_Problem:_ Range to copy from the entries below: the line containing "Our Google-ready widgets" through the line containing "Elegant black leather", inclusive. Retype only those lines, exactly, without any images.

_Supplied material:_
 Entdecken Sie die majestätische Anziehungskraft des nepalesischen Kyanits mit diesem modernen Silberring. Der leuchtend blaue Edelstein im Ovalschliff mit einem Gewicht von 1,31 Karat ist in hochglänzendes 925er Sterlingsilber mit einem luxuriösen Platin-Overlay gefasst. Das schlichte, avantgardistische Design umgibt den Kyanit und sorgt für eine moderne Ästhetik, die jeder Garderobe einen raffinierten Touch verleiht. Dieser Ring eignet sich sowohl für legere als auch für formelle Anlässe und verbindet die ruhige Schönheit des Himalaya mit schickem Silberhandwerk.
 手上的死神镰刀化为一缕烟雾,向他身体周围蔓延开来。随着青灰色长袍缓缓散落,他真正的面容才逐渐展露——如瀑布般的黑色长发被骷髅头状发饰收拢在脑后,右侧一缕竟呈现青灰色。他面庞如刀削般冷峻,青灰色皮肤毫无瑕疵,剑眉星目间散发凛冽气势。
---
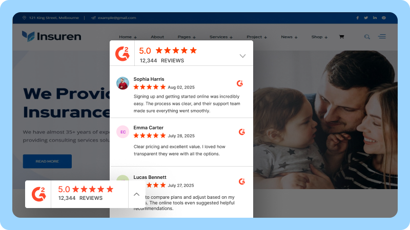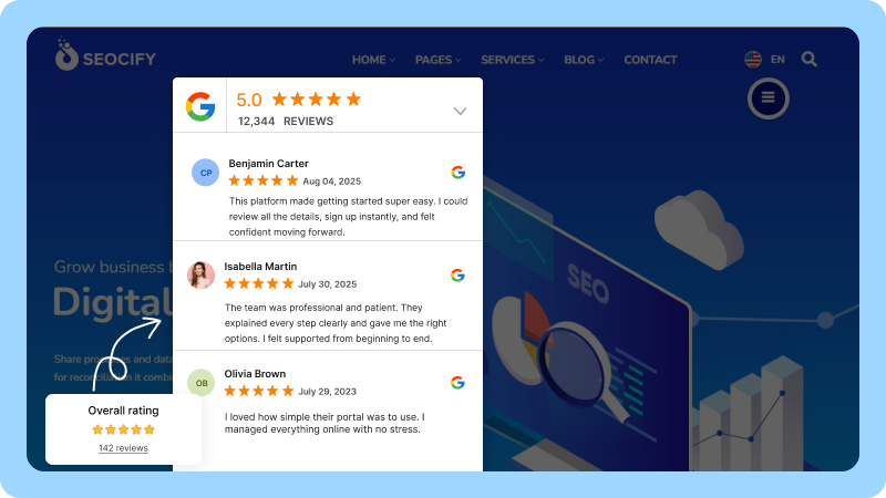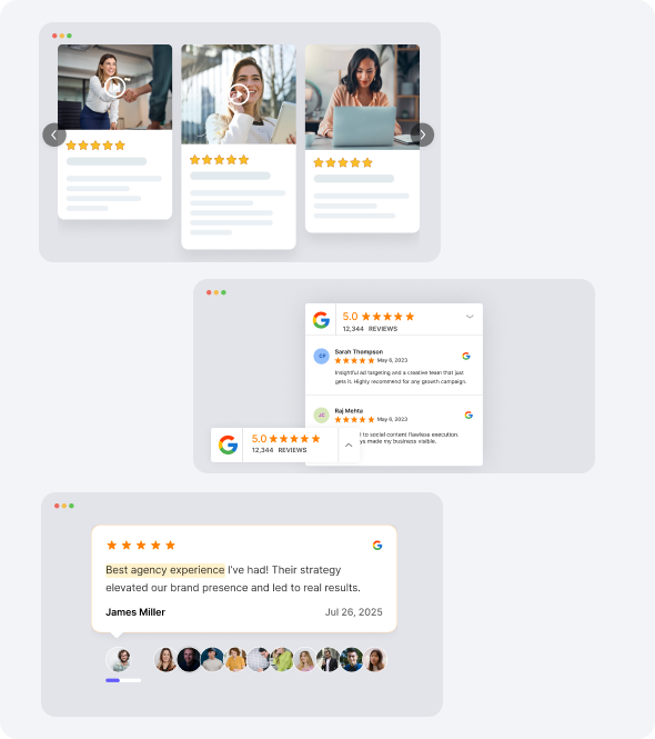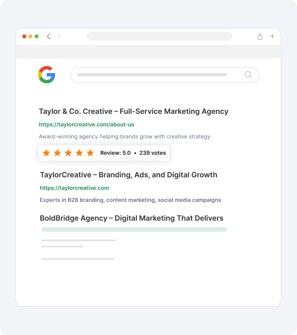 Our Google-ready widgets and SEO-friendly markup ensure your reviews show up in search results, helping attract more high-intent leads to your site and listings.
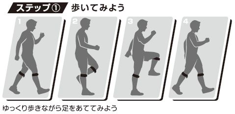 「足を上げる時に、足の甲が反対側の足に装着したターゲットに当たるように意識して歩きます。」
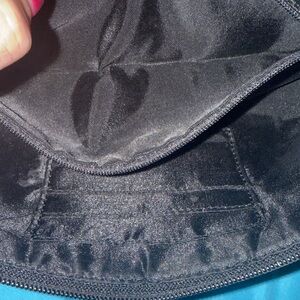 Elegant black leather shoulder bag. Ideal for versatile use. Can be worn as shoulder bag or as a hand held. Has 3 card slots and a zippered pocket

_Result below:_
 Our Google-ready widgets and SEO-friendly markup ensure your reviews show up in search results, helping attract more high-intent leads to your site and listings.
 「足を上げる時に、足の甲が反対側の足に装着したターゲットに当たるように意識して歩きます。」
 Elegant black leather shoulder bag. Ideal for versatile use. Can be worn as shoulder bag or as a hand held. Has 3 card slots and a zippered pocket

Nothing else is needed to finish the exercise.